ISAAC-III questionnaires were initially developed for pediatric populations, and few studies have applied this questionnaire to adult populations, which may be considered a limitation of this study. However, ISAAC-III is a low-cost, internationally standardized tool, and prior studies suggest a high correlation between this tool and the ECRHS (European Community Respiratory Health Survey), which is a European questionnaire to assess respiratory allergies in adult populations.32 However, ECRHS does not assess the presence of AD, which is an important factor priorly associated with respiratory diseases.32 Moreover, the ISAAC strategy granted the improvement and modification of the ISAAC questionnaires including wider evidence about the main factors associated with allergic diseases. Several studies support ISAAC-III’s effectiveness and reliability to assess factors associated with allergic disease.9,24,25,32 In low- or middle-income countries, there is limited scientific information about the epidemiology of allergic diseases using standardized methodologies, probably due to budget limitations in scientific research.33–35 Therefore, in these Latin American countries, the ISAAC-III tool may be particularly useful to assess the prevalence trends and factors associated with these diseases.

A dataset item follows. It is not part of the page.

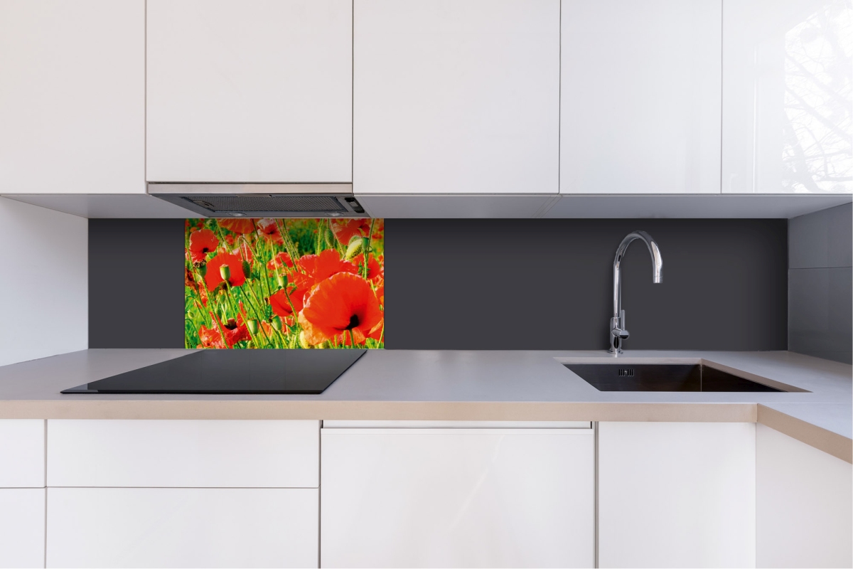 Дибонд облицовъчна плоскост за кухненски гръб Червени макове - 60 x 40 см

In Colombia, the national prevalence of self-reported allergic diseases in the general population during 2010 was: 32% for AR, 14% for AD, and 12% for asthma.20 Likewise, in our study including moderate to severe atopic population, the frequency of AR was 39.9% and of CARAS was 18.9%. Previously, authors have described the importance of AR in coexistence with asthma, as patients with uncontrolled AR symptoms may have an increased risk of asthma exacerbations.36 Therefore, controlling AR symptoms is particularly important in patients with CARAS. To date, allergen immunotherapy is mainly indicated for the treatment of moderate to severe AR, rather than exclusive asthma symptoms.16,22 However, current literature suggests that immunotherapy may improve asthma symptoms, decrease airway hyperresponsiveness, and lead to a reduction in medications.37 Besides, despite that the role of environmental allergens in triggering AD symptoms remains unclear, a current meta-analysis described that allergen immunotherapy can improve AD severity and quality of life.38 Therefore, as up to 15.63% of our study population presented a combination of the three main allergic diseases (AR, asthma, and AD), allergen immunotherapy may induce an immunological remission in these patients.39 Most of these studies have been performed in pediatric populations, and studies including adult populations, particularly in adults exposed to tropical environmental allergens (i.e., B. tropicalis), are needed.

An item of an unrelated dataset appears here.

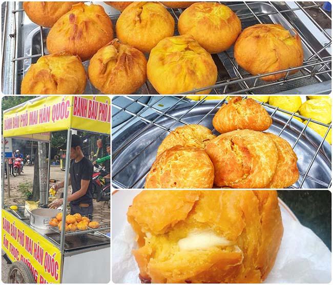 Lâu lâu Hà Nội lại xuất hiện một vài món lạ lạ mà hay đáo để. Bánh bầu phomai Hàn Quốc ngay cổng đại học Điện Lực đang gây sốt thời gian này. Bánh được chiên giòn, có vị ngọt nhẹ. Vỏ bánh được làm từ bột mì, trứng gà, bơ, sữa và đường. Ở giữa bọc thêm chút phomai chảy béo ngậy. Bánh này phải ăn khi còn nóng giòn mới ngon.

The SPT findings in our population are consistent with the previously described distribution of allergens in patients undergoing immunotherapy in tropical and subtropical countries.40,41 Prior international studies have reported that the most common mites causing allergy in homes are house dust mites such as D. farinae. D. pteronyssinus, Euroglyphus maynei, and B. tropicalis.1,40 Up to 28.61% of the population had a positive SPT for B. tropicalis, which is particularly high considering that Bogota city has an oceanic climate with an average temperature of 14.5°C (58°F), average relative humidity of 75%, and a high altitude (2640 m or 8660 ft above sea level).42 Previous studies have suggested a higher prevalence of B. tropicalis in coastal cities with higher temperatures (over 18–27°C or 65–80°F) and humidity.43–45 However, over the last decades, an increase in sensitization rates to B. tropicalis has been reported.46 Current studies suggest that environmental variations induced by climate change and industrialization could partially explain the increase in the prevalence and severity of allergic disease, particularly in tropical countries.4 Additional studies assessing the changes in the prevalence of these tropical aeroallergens and the association between this prevalence and the changes in environmental conditions and climate change are needed.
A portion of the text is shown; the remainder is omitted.